# Train derails on curve in Coal Creek, Colorado (Dec. 10)



## SailorDon (Jan 6, 2008)

How many times have you derailed your consist where the cars fall off the track like dominoes to the inside of a curve? If you are like me, you have "enjoyed" the experience more than once.









Apparently UP is getting into the full scale replication of such events.

This photo is from a URL to the Denver Post.
The URL for the whole article is http://www.denverpost.com/news/ci_13978994











This photo is from a link to the Boston Globe.


----------



## coyote97 (Apr 5, 2009)

wow---was this really due to a "was-pulled-inside"-effect????? 
I never go by rail,anymore---lol. 

Fun aside...hope noone got hurt. 
Besides, that is an amount of money that layes there in the dirt..wow. 

Frank


----------



## SailorDon (Jan 6, 2008)

Posted By coyote97 on 17 Dec 2009 06:40 AM 
wow---was this really due to a "was-pulled-inside"-effect????? 
There is an on-going accident investigation, so the exact cause of this "pull-inside" derailment isn't known.

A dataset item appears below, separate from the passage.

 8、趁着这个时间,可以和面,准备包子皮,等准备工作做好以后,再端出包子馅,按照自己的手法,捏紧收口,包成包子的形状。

5 locomotives pulling 94 cars upgrade. The report said the derailment occurred at the back 1/3 of the train and the cars were empty. I would have expected the leading cars to "pull-in", but maybe the front cars were loaded which held them to the track.


----------



## on30gn15 (May 23, 2009)

Posted By SailorDon on 17 Dec 2009 01:28 PM 
Posted By coyote97 on 17 Dec 2009 06:40 AM 
wow---was this really due to a "was-pulled-inside"-effect????? 
... 5 locomotives pulling 94 cars upgrade. ...

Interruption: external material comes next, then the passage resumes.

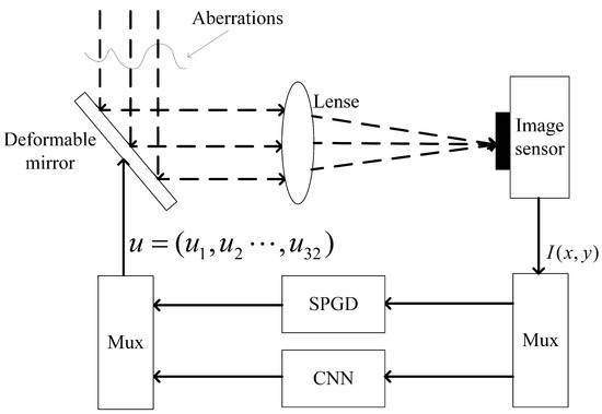 Adaptive optics systems use control algorithms to correct for aberrations and measure phases in real time with a wavefront sensor to ensure the optical system is immune to interference and adaptable to the environment; therefore, they have been widely used in laser communications, femtosecond lasers, and astronomical observations [1,2,3,4,5,6,7]. Currently, Shack–Hartmann wavefront sensors are the most effective and popular wavefront sensors [8]. However, unfavorable conditions, such as a weak target light source, an uneven light intensity distribution, and a high large light amplitude, result in a threshold value that is too low for the wavefront to interpret an accurate, leading below which the wavefront sensor extracts the effective signal leads to a significant reduction in the measurement accuracy that affects the dynamic correction performance of adaptive optics [9,10]. In contrast, a wavefront sensorless system has a higher accuracy than systems with wavefront sensors when the target light energy is weak, and their simple construction makes adaptive optics more affordable than other solutions under certain circumstances [11].

All those locos at the head end or were there pushers using distributed power type operation?


----------



## SailorDon (Jan 6, 2008)

Posted By on30gn15 on 17 Dec 2009 04:40 PM 


All those locos at the head end or were there pushers using distributed power type operation? 


The news report didn't say.


----------



## coyote97 (Apr 5, 2009)

its not allways bad to have weak couplers... 
In Germany, there were several problems with the heavy steam engines BR44 while pulling and pushing trains over the black forest ramp.

due to very different track conditions through tunnels and snow and rain it could happen the pulling/pushing loco created a big force-pike due to slipping. When this occured, it could happen that the couples cracked.

US or russan couplers wont crack......seems the world will crack before those couplers will.


Frank


----------



## aceinspp (Jan 2, 2008)

This action is known as string lining the cars. It can happen but would be unusual to happen towards the end of the train. With out a few more details about the track structure in the area suxh as % of grade, degree of curve and better picsof the track, it's any bodys guess for now. They also could have gotten a draw bar and could have cuased the derailment. Lot of ifs. I could mention a bunch but need the added info. Later RJD


----------



## NTCGRR (Jan 2, 2008)

Great work on the weathering of your cars Don, scenary is outstanding.... 
Keep us posted.


----------